Prior to that the group had visited the intersection of Southwest Jefferson Way and Southwest 15th Street for a discussion of a black student walk-out that left campus near that point in 1969 in a protest sparked over treatment of African American football players by their coaches.

All these and more were featured on a walking tour of locations significant to the history of students of color at OSU on Thursday afternoon. The event was part of the university’s annual celebration surrounding Martin Luther King Day.

Natalia Fernández, curator and archivist with OSU’s Oregon Multicultural Archives and an organizer of the tour, said this was the first time the tour had been offered for the general public.

Fernández said the tour had its origin in Kim McAloney and Janet Nishihara’s class Academic Learning Services 199, which is focused on the histories of people of color in Oregon. In 2013, McAloney and Nishihara had their students research histories of students of color at OSU and create a guidebook of sites significant to that history. The original guidebook was produced in the fall of 2013 with a total of 10 locations, but McAloney and Nishihara had students in their fall 2015 class update and expand the guidebook to 17 locations. As an archivist, Fernández was involved to help students do their research for the project.

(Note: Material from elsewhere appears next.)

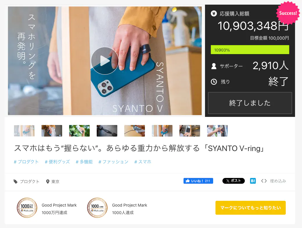 SYANTOはこれまでにMakuake、CAMPFIRE、米国kickstarter、Amazonで累計1.7万人以上の方から支援をいただき、多くの方のスマホ操作の悩み解決に貢献してきました。

While the tour Thursday had just three participants braving the rain with Fernández, McAloney and Nishihara, people interested in the tour can use the student-produced guidebook, complete with maps, photos and text describing historical events, on their own; it’s available online at http://bit.ly/1ZyUlSO. A blog with more information on the tour is available at http://bit.ly/1RIIOfm.

Fernández said that while only a few people came out for the event, it was nice to have an audience that was engaged and asking questions.

“We want to make this information known… we want people to use it,” she said.

Nishihara said part of the inspiration for the project was her own experiences at OSU.

“I was an undergraduate and a graduate at OSU and we never learned any of this,” she said.

She said she works with students of color a lot, and she said they often feel like they don’t belong at OSU.

“I want them to know that students of color have a long history on campus and they have as much claim to it as anyone,” she said.